Certains nous prédisent la fin de l’histoire depuis des lustres. Qu’on se rassure, du côté du neuvième art, l’histoire avec un grand H est et sera encore longtemps la matière première des auteurs, une source d’inspiration inépuisable et un voyage sans fin pour les lecteurs. En mode biographie, documentaire ou fiction, ce genre littéraire se porte à merveille. La preuve avec cette sélection de livres sortis ces derniers mois…
On commence avec la très belle série De Gaulle dont le deuxième volet vient de sortir aux éditions Glénat. Quatre petits mois d’attente seulement pour retrouver ce grand personnage de l’histoire de France avec à la plume et aux pinceaux Mathieu Gabella (scénario), Frédérique Beau-Dufour (historienne), Christophe Regnault (Story-board) et Michaël Malatini (dessin). Le premier volet retraçait la période allant de la jeunesse de De Gaulle jusqu’à son départ pour Londres. On le retrouve ici au micro de la BBC le 18 juin 1940 lançant son célèbre appel à continuer le combat contre l’ennemi allemand. Ce deuxième volet s’achève avec la libération de Paris. Un dossier d’une petite dizaine de pages accompagne le récit et finit judicieusement de nous plonger dans cette époque sombre de l’histoire de France. Une très belle biographie prévue en trois volets, co-éditée par Glénat et Fayard dans la collection Ils ont fait l’histoire (De Gaulle tome 2, de Gabella, Renault, Malatini et Neau-Dufour. Glénat / Fayard. 14,50€).

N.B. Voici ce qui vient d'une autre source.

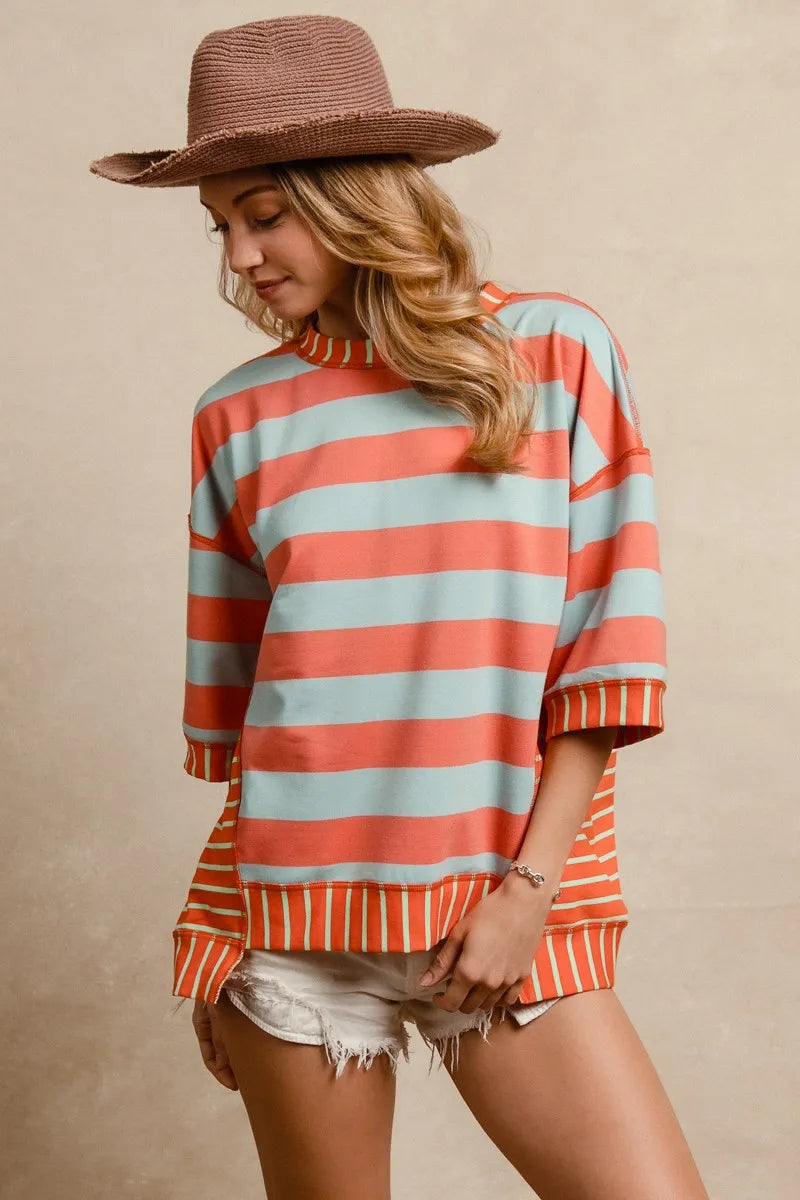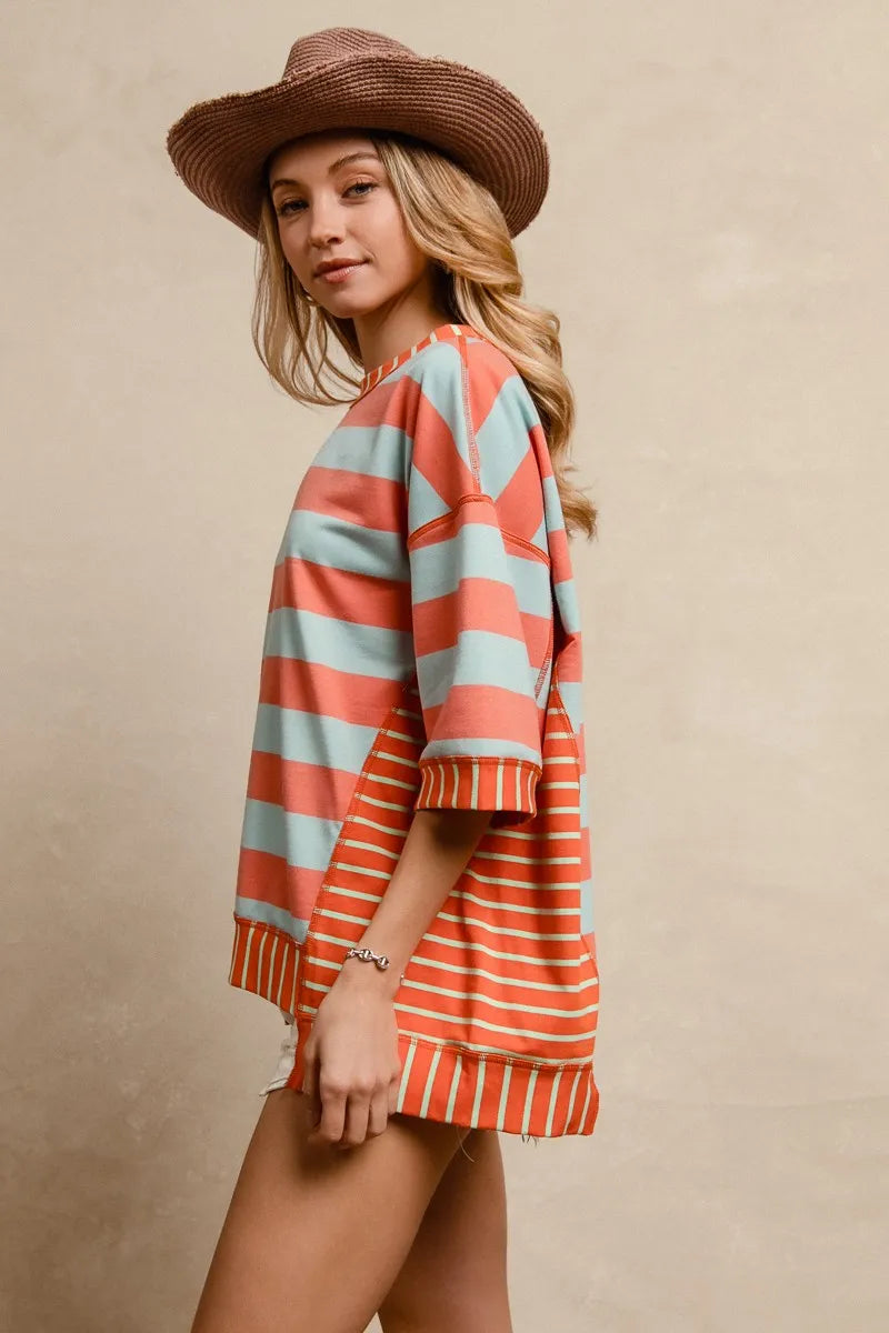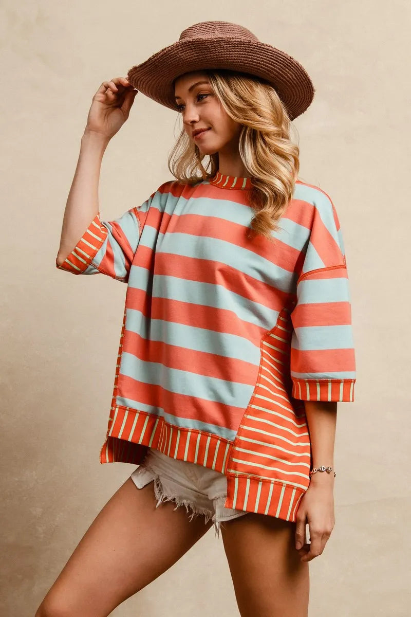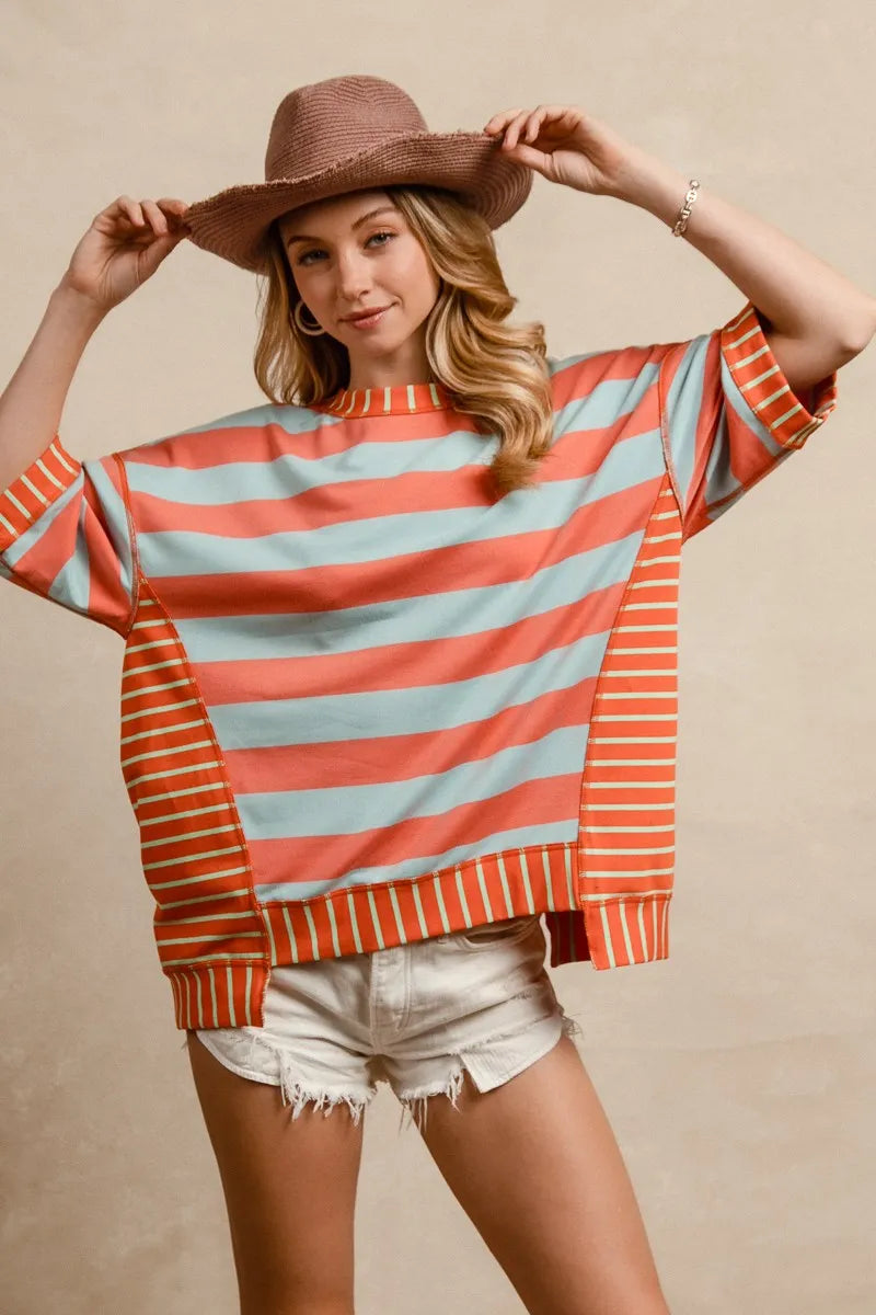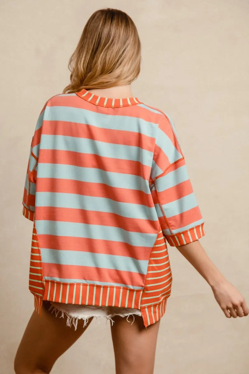 The Stripe Mix and Match Top with Contrast Stitch Detail is a versatile and stylish piece for your wardrobe. Featuring a mix of stripes for a dynamic look, and contrast stitching detail for added interest. This top is perfect for creating fashionable and unique outfits for any occasion.

Huit mois, trois tomes, une affaire rondement menée par Damour au dessin, Vincent Brugeas et Emmanuel Herzet au scénario. La Cagoule, comme son nom l’indique nous entraîne dans la France des années 30, celle du Front populaire, et bien sûr celle de La Cagoule, organisation secrète anti-républicaine, anti-communiste et anti-sémite fondée en 1936 par les anciens membres d’Action Française. Le récit, mélange de fiction et de réalité, se présente comme un polar autour de personnages ayant réellement existé, notamment le policier Pierre Mondanel ou les politiciens Marx Dormoy et Roger Salengro (La Cagoule, un fascisme à la française, de Brugeas et Herzet. 3 tomes. 14,95€ chaque).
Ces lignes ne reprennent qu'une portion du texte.